Moreover, Doctorow is known outside science fiction circles for his prolific, passionate posts about digital rights issues on the BoingBoing weblog and other forums, as well as his work with the Electronic Frontier Foundation.
“I don’t believe that I am giving up book royalties,” Doctorow said about persuading his publisher, Tor Books, to make Down and Out available digitally for free under the new Creative Commons licensing system.
“(Downloads) crossed the 10,000-download threshold at 8 a.m. this morning,” Doctorow said Thursday, “which exceeds the initial print run for the book.”
Doctorow said he thinks the marketing buzz from those downloads will be worth more than any lost book sales. “I think that the Internet’s marvelous ability to spread information to places where it finds a receptive home is the best thing that could happen to a new writer like me.”

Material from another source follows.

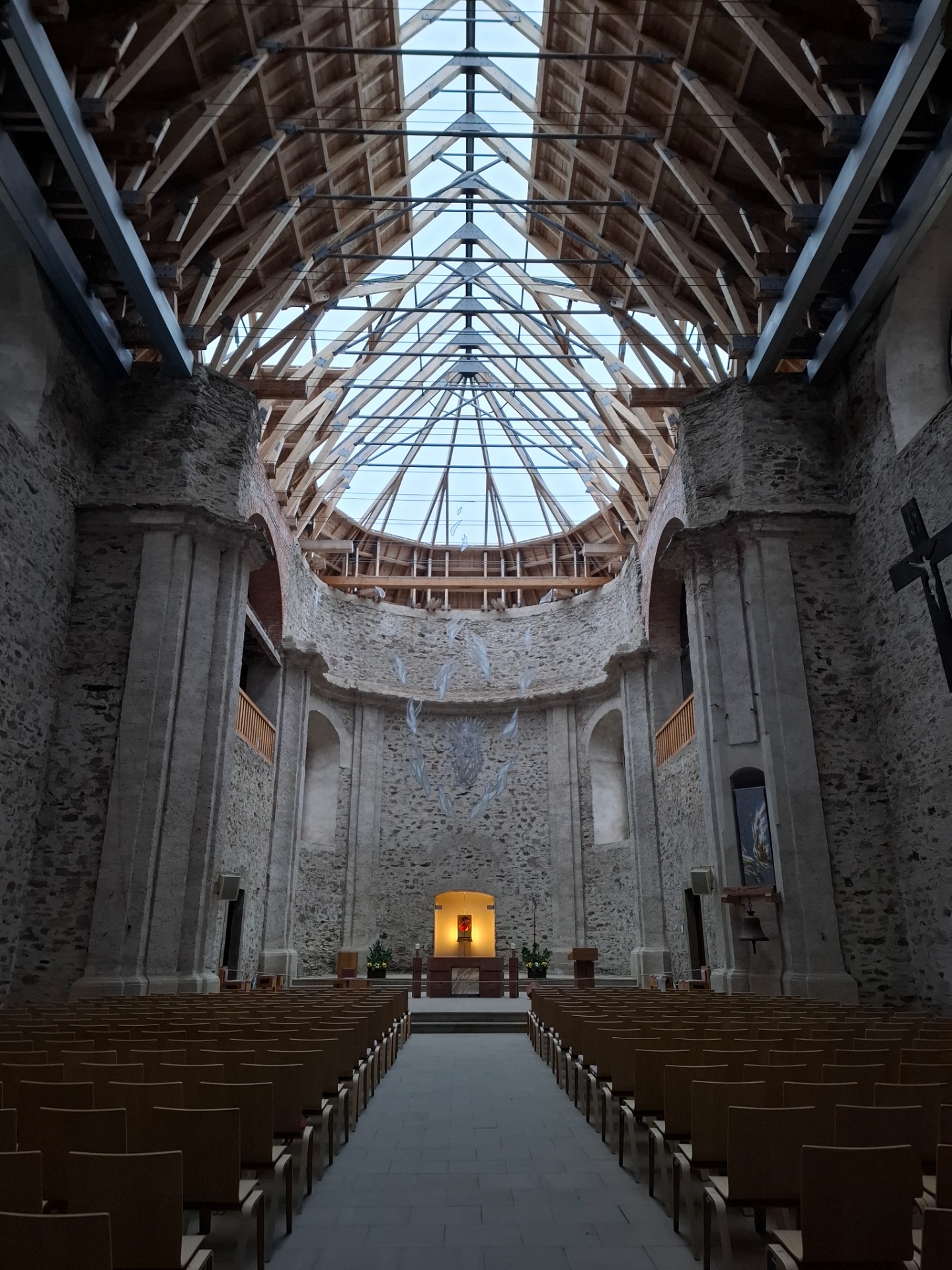 Před 16h jsme se přesunuli do kostela. Zde jsme vyslechli povídání o historii kostela a mohli si ho prohlédnout. Tohle jsem při minulé návštěvě nestihla. Vyšla jsem až nad varhany a užívala si pohled na osvětlený kostel, jehož rekonstrukce nebyla jednoduchá. A to vše díky jednomu opilému ruskému vojákovi, který výstřelem z panceřové pěsti podpálil v rámci osvobození jeho střechu. Nyní je ale kostel opět krásný a má genius loci.

Volunteers have sent in copies of the novel in multiple file formats (PalmOS PDB, Apple Newton PKG, PalmOS Palm Reader, and Microsoft LIT). They’re linked off the downloads page.
24 hours after launching the site from which you can download my novel for free, the book has been downloaded over 20,000 times. It’s been Slashdotted, blogged to hell and back, and I’ve done a number of press interviews about it. What’s more, the title is currently sitting at #304 in the Amazon Sales Rank. Let’s call this one a success. I could not be more stoked. Damn.

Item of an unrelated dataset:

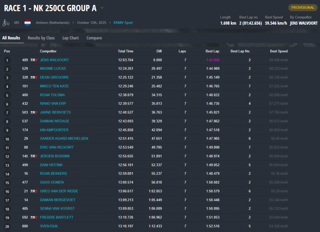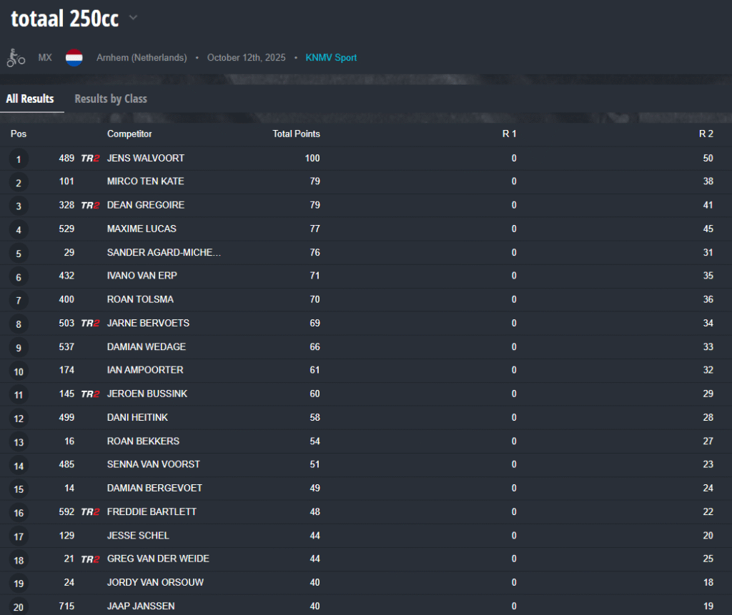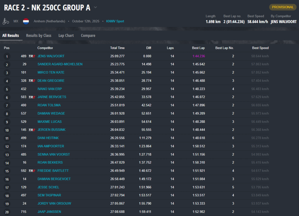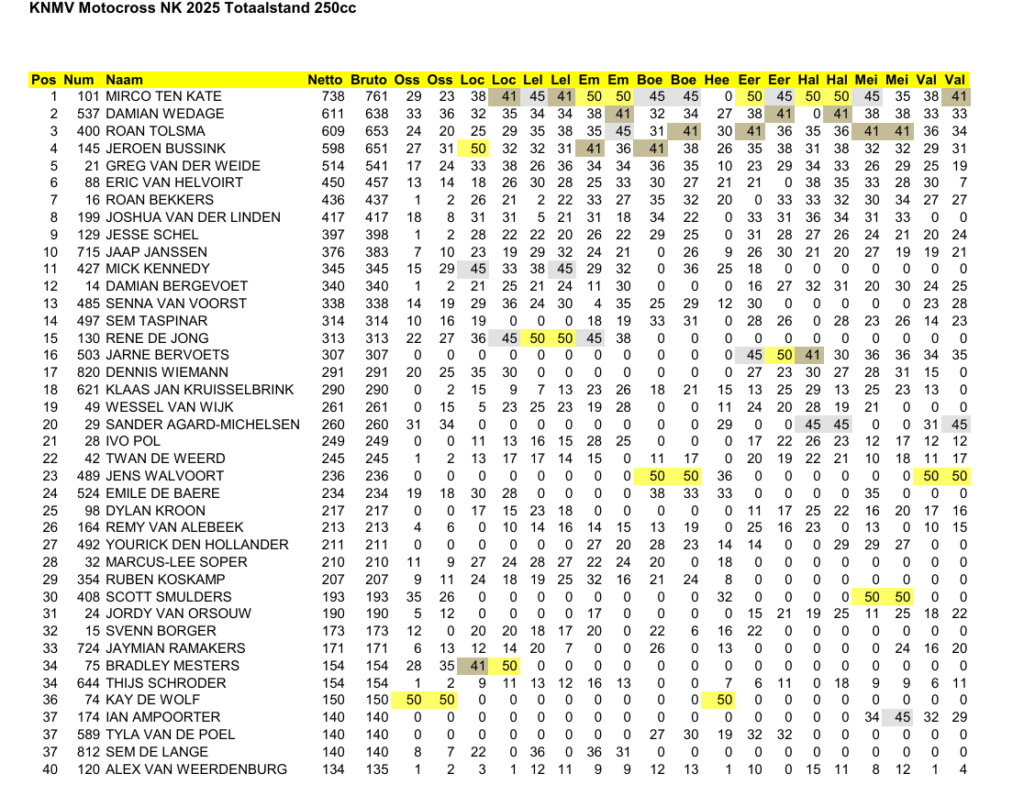Met deze finale is het NK 250cc seizoen op spectaculaire wijze afgesloten, waarbij Walvoort liet zien uitermate competitief te zijn en Ten Kate zijn titelstatus nogmaals bevestigde. Bekijk hieronder de uitslagen van de laatste wedstrijd in Valkenswaard:

Thanks to Jason Andrade for setting up a mirror of the downloads page in Australia for your antipodean convenience.
I’ve done an interview with Creative Commons about Down and Out in the Magic Kingdom in which I go into some depth about the motivation for releasing the book online, gratis.
Well, in some ways, this novel is a parable about Napster, and about the reputation economies that projects like Ringo, Firefly, Epinions and Amazon hint at. In a world where information is nonscarce, the problem isn’t finding generic information — it’s finding useful information. There’s an old chestnut in online science fiction fandom that the Internet “makes us all into slushreaders.” (“Slush” is the unsolicited prose that arrives at publishers’ offices — a “slushreader” wades through thousands of these paste-gems looking for the genuine article). This has always struck me as a pretty reactionary position.
Nearly every piece of information online has a human progenitor — a person who thought it was useful or important or interesting enough to post. Those people have friends whom they trust, and those friends have trusted friends, and so on. Theoretically, if you use your social network to explore the Web, you can make educated guesses about the relative interestingness of every bit of info online to you. In practice, this kind of social exploration is very labor-intensive and even computationally intensive, but there’s a lot of technology on the horizon that hints at this…
Scarcity is, objectively, worse than plenty. When you’ve got lots of some useful object, you’re richer than when you have less of it. When there’s more than enough to go around, the economic value tends to plummet, but the utility is just as high. Think of oxygen: on the Earth’s surface, we’re well-supplied with breathable atmosphere. Aside from a few egregiously West-coast “oxygen bars,” it’s hard to imagine paying money for O2. But in Heinlein’s sf novels set on the moon, there’s a thriving trade in oxygen. In both situations, air is highly useful, but dirtsiders are richer in air than their loonie cousins.